-- What you have to do --
When you write out the listing, keep every word as it stands and drop the pictures.

-- Provided records --

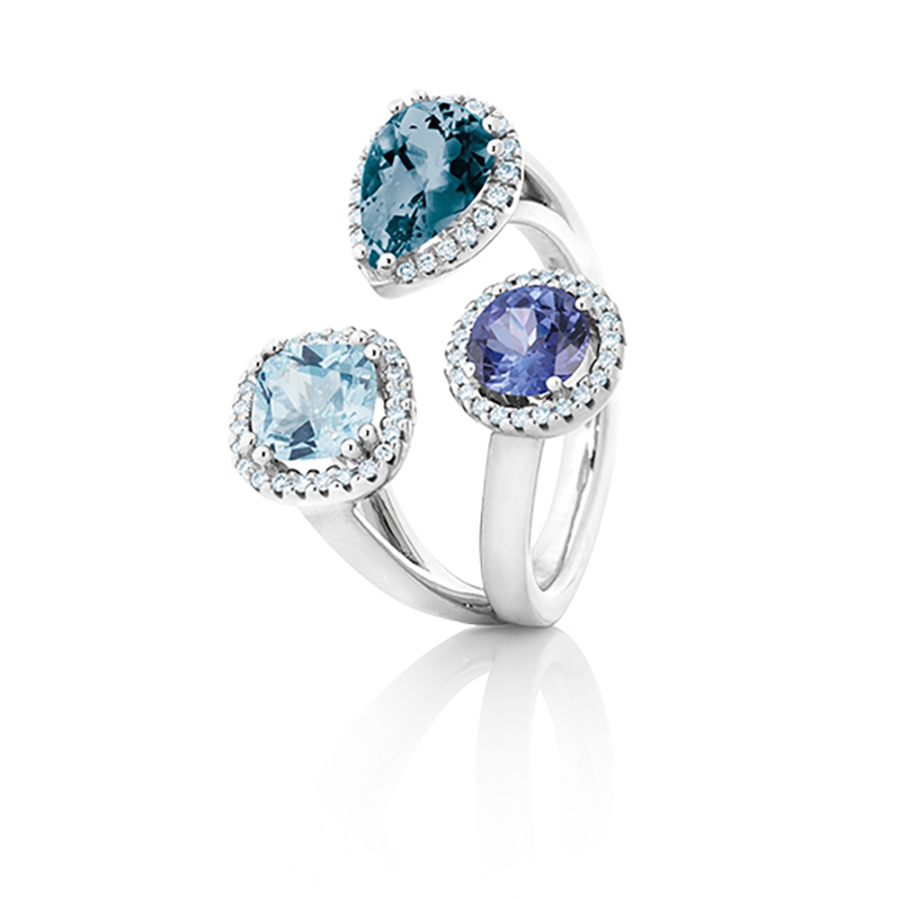 | Farbsteine | Topas London blue facettiert 9x6 mm ca. 1.50ct, Topas sky blue antik 6x6mm ca. 1.10ct, Tansanit facettiert Ø 6mm ca. 0.80ct |
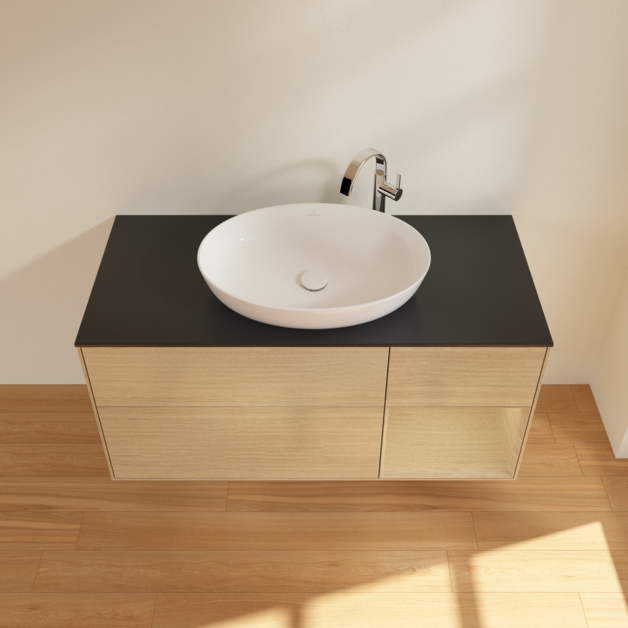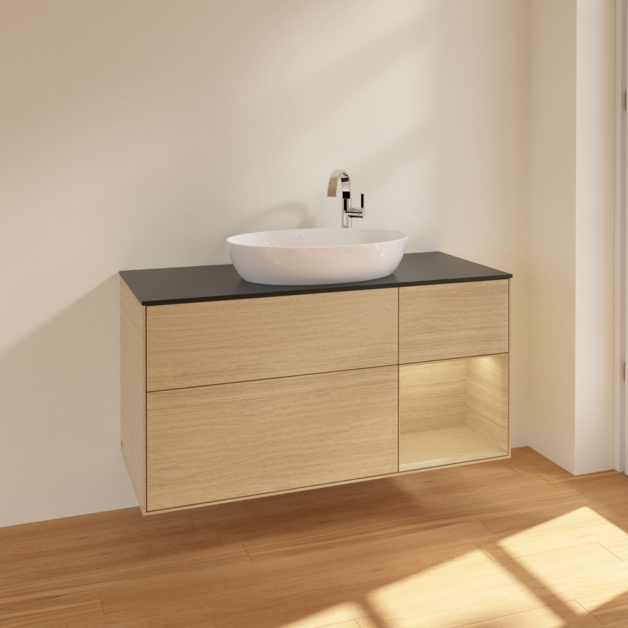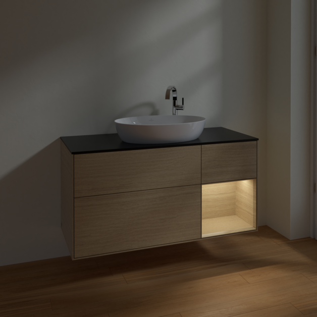 Тумба під раковину Villeroy & Boch Finion 120х50,1 см з підсвічуванням МДФ шпон дуба/скло чорне матове F952PCPC
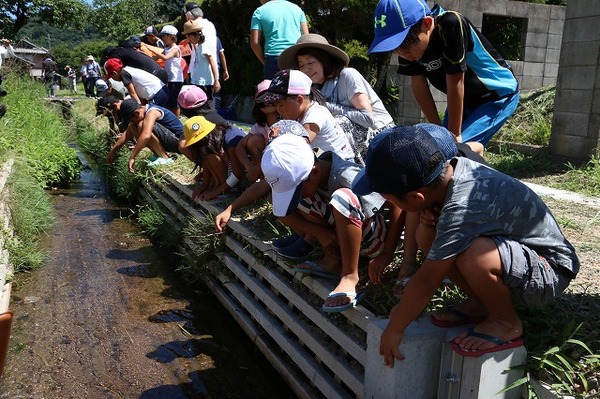 水路をのぞき込むたくさんの子供たちの写真 拡大画像 (JPEG: 115.6KB)
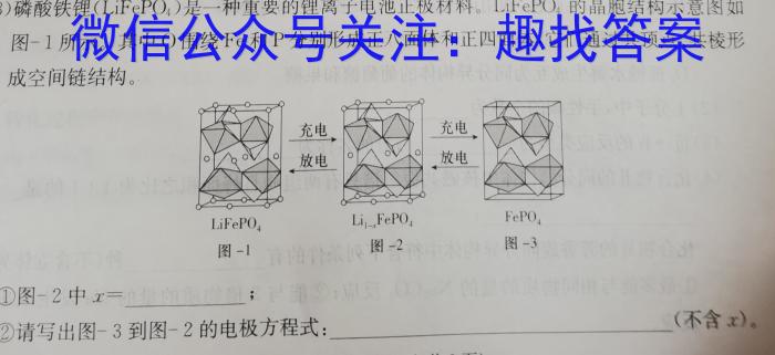 (3)磷酸铁钾(LiFePO4)是一种重要的锂离子电池正极材料。LiFePO4的晶胞结构示意图如图-1所示。其中O围绕Fe和P分别形成正八面体和正四面体,它们通过共顶点、共棱形成空间链结构。图-1①图-2中x=闲音(不含x)②请写出图-3到图-2的电极方程式:
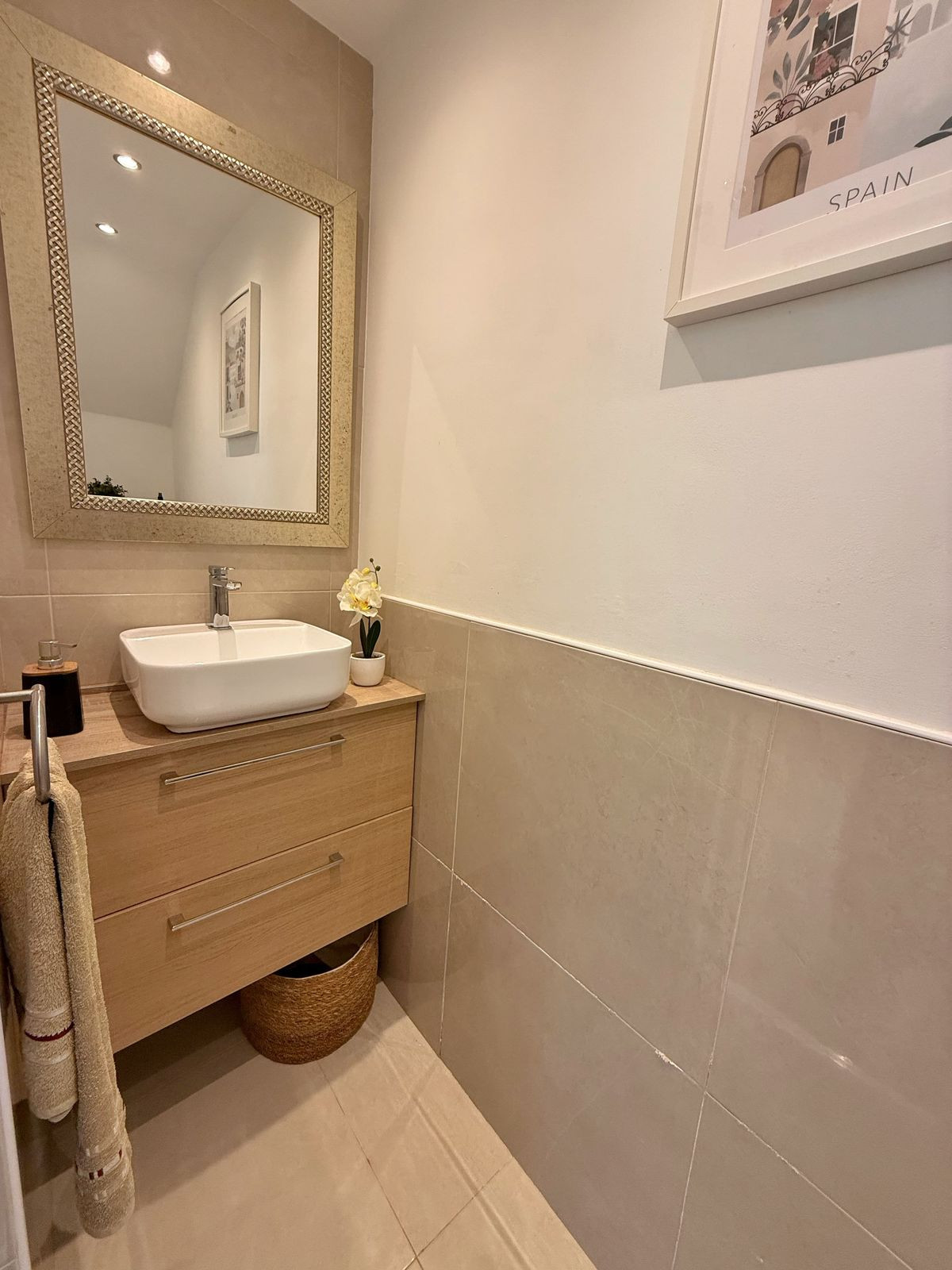 Elle comprend deux chambres extérieures avec placards intégrés, la chambre principale bénéficiant d'une salle de bains privative et d'un accès direct à une terrasse privée. La maison dispose également de deux salles de bains complètes et de toilettes pour invités.
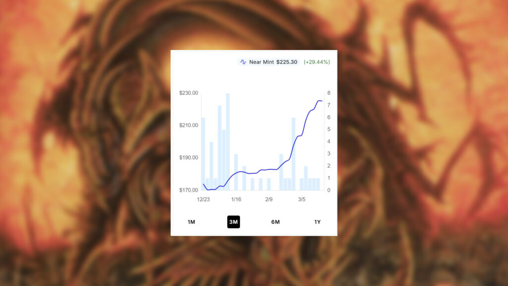 Today, the cheapest near-mint copy of the card available is $325, representing a $196 price spike over the last three months. The silver lining, if you can call it that, is that card conditions have a much larger effect on price for expensive cards like this.

-- Task answer --
 | Farbsteine | Topas London blue facettiert 9x6 mm ca. 1.50ct, Topas sky blue antik 6x6mm ca. 1.10ct, Tansanit facettiert Ø 6mm ca. 0.80ct |
 Тумба під раковину Villeroy & Boch Finion 120х50,1 см з підсвічуванням МДФ шпон дуба/скло чорне матове F952PCPC
 水路をのぞき込むたくさんの子供たちの写真 拡大画像 (JPEG: 115.6KB)
 (3)磷酸铁钾(LiFePO4)是一种重要的锂离子电池正极材料。LiFePO4的晶胞结构示意图如图-1所示。其中O围绕Fe和P分别形成正八面体和正四面体,它们通过共顶点、共棱形成空间链结构。图-1①图-2中x=闲音(不含x)②请写出图-3到图-2的电极方程式:
 Elle comprend deux chambres extérieures avec placards intégrés, la chambre principale bénéficiant d'une salle de bains privative et d'un accès direct à une terrasse privée. La maison dispose également de deux salles de bains complètes et de toilettes pour invités.
 Today, the cheapest near-mint copy of the card available is $325, representing a $196 price spike over the last three months. The silver lining, if you can call it that, is that card conditions have a much larger effect on price for expensive cards like this.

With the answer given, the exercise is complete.